* WORK TO COMPLETE: Set down, exactly and in full, the line holding "Nasz pionowy Philips" and all the lines after it until the listing ends, and nothing else.

* INFORMATION SHOWN:
━━━━
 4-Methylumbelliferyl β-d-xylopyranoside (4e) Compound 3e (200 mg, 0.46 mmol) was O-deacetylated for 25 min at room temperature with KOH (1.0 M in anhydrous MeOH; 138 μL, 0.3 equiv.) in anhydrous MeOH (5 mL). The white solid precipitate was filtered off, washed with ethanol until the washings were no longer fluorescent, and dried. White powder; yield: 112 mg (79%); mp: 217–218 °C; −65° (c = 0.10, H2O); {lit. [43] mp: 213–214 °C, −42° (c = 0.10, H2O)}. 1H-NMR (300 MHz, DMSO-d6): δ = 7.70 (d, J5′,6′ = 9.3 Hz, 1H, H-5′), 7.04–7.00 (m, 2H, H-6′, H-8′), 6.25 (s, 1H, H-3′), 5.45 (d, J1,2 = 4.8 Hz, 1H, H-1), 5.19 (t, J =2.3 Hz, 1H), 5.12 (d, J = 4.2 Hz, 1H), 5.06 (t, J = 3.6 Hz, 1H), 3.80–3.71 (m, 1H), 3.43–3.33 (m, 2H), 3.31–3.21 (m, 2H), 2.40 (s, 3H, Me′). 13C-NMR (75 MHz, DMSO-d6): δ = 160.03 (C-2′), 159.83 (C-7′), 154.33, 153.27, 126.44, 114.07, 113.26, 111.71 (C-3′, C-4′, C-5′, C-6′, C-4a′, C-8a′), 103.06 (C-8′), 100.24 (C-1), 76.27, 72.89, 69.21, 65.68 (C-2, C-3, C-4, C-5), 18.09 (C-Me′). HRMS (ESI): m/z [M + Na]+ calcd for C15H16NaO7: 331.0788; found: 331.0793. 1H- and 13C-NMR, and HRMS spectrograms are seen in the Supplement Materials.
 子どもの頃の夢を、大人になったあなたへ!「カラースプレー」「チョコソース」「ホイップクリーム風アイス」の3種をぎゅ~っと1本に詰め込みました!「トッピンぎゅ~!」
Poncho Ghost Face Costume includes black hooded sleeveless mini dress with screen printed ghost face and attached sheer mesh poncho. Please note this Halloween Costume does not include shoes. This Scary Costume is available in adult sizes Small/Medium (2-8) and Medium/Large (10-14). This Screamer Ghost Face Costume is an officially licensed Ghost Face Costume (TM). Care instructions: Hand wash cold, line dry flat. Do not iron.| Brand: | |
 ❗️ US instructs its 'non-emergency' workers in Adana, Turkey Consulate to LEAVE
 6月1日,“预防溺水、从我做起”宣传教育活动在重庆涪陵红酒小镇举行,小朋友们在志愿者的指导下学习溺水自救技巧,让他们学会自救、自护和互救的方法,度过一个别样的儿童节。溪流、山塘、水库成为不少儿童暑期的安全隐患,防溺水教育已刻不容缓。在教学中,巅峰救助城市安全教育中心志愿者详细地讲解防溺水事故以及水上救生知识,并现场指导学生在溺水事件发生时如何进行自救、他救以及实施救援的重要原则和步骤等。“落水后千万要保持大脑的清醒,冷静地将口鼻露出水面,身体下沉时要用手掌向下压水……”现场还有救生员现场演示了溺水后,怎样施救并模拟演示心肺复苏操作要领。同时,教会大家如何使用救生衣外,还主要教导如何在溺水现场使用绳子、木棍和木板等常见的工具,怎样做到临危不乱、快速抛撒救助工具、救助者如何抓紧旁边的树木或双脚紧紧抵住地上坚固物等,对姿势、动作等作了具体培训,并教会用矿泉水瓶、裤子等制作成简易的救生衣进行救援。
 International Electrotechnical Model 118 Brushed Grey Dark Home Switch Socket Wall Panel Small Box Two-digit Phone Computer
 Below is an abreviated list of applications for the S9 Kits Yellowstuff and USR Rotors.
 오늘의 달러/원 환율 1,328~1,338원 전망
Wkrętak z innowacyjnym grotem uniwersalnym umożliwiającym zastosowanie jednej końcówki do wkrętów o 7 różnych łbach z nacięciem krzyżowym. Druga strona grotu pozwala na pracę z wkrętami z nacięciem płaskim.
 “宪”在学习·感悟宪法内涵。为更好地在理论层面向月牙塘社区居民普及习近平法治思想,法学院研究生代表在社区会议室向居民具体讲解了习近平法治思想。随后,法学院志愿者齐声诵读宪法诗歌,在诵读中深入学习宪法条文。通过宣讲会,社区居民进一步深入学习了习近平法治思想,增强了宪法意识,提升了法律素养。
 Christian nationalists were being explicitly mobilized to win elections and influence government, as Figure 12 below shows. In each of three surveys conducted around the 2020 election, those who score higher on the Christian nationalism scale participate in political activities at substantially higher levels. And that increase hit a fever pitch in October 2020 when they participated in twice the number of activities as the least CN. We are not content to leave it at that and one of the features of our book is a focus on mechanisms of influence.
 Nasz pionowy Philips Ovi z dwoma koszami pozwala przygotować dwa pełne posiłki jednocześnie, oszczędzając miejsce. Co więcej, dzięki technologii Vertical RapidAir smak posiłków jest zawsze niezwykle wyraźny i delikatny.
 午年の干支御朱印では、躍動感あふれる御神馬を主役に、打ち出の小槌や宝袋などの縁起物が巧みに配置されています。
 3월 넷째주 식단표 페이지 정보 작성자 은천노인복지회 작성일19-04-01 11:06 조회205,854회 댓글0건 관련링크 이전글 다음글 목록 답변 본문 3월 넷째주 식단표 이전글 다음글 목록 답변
━━━━
* OUTPUT:
 Nasz pionowy Philips Ovi z dwoma koszami pozwala przygotować dwa pełne posiłki jednocześnie, oszczędzając miejsce. Co więcej, dzięki technologii Vertical RapidAir smak posiłków jest zawsze niezwykle wyraźny i delikatny.
 午年の干支御朱印では、躍動感あふれる御神馬を主役に、打ち出の小槌や宝袋などの縁起物が巧みに配置されています。
 3월 넷째주 식단표 페이지 정보 작성자 은천노인복지회 작성일19-04-01 11:06 조회205,854회 댓글0건 관련링크 이전글 다음글 목록 답변 본문 3월 넷째주 식단표 이전글 다음글 목록 답변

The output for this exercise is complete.